He then presented a document showing his completion of his 14-day quarantine to the police. When officers drove Azoulay to her house, she made the police wait outside until she reached her lawyer, who stated that the child was not home at that time (8:30 p.m.).
Azoulay's lawyers (left), Hsu (far right). (Ariel Azoulay photo)
On Dec. 15, Azoulay filed criminal charges against the child's mother for child alienation and child abduction. Although there is a divorce case pending in Florida, Hsu has filed for divorce in Taiwan.
Azoulay's lawyers are seeking to dismiss the case for lack of jurisdiction. Azoulay says he just wants his daughter back.

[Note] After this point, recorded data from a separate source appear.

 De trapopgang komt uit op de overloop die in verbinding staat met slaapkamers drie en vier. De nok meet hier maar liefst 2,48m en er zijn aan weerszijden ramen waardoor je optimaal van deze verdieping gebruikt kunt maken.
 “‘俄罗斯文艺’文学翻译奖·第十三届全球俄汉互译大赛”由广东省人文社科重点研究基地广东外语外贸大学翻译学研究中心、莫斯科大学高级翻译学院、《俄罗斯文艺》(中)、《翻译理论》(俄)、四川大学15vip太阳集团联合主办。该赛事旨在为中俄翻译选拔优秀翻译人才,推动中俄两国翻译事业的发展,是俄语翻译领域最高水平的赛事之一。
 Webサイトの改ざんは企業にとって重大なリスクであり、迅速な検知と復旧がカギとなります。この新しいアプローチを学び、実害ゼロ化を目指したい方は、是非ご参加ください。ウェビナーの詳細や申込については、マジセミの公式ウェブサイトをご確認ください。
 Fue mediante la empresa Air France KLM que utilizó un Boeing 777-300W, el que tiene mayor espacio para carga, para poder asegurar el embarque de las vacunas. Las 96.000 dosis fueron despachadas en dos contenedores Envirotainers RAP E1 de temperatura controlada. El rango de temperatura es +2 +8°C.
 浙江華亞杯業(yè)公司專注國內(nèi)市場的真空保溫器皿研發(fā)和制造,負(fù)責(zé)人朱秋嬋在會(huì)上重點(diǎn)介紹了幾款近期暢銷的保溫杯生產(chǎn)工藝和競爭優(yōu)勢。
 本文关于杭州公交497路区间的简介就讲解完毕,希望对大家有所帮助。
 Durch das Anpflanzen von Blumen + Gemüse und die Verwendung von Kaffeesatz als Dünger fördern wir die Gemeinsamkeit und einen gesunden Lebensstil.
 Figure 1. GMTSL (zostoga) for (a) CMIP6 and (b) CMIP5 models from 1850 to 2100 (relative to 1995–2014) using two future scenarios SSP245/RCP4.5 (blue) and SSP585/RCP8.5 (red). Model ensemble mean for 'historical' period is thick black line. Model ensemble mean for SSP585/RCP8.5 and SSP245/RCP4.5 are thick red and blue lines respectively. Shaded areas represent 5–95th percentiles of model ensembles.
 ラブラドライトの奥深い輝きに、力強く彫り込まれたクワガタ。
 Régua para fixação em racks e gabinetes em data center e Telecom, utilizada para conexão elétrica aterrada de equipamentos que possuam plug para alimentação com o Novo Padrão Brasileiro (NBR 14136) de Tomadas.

Hsu had initially agreed with his lawyers that she would bring their daughter to meet him at Taipei 101 on Dec. 13, but she backed out at the last minute. Finally, later that day, she allowed him to have a brief video call with her, one year and five months after he had last seen her.
She then allowed brief video chats on Dec. 16 and Dec. 18 and allegedly plans for more calls on Dec. 23 and Dec. 25. Azoulay contends that the problem with the video chats is that they take place late at night when the child is exhausted while the TV blares in the background and adults feed her and distract her with toys.

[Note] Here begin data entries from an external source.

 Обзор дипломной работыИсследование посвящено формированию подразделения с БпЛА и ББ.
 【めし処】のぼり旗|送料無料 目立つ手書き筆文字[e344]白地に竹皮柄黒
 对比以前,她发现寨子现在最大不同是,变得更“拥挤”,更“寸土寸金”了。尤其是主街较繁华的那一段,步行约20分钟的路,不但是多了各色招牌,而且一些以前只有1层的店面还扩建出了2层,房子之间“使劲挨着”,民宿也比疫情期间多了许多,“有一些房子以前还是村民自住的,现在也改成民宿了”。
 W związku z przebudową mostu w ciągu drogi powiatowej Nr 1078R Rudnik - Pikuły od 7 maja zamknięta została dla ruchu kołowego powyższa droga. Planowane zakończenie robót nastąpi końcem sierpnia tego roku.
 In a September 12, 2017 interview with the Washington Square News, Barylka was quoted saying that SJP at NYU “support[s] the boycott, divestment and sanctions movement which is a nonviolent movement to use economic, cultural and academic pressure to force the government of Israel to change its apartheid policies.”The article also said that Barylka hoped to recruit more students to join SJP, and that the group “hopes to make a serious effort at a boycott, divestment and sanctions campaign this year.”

On Dec. 18, he heard from his lawyer that Hsu might be willing to let him see his daughter for one hour, but on the condition that it takes place at the Nangang Police Station. However, he told Taiwan News he did not think this was suitable for two reasons:
- It's not a good memory for the child to meet her father at a police station after one and a half years.
- He thinks it may be a trap, as he suspects her father may have connections with that precinct.
As of publication, Azoulay has yet to see his daughter in person. He says that the first hearing in the divorce proceedings will be held Dec. 23.
Taiwan News contacted Hsu and asked if she had any comments about the allegations Azoulay has put forward. She declined to directly respond to the accusations and simply confirmed that she has indeed filed for divorce in Taiwan and that the proceedings are underway.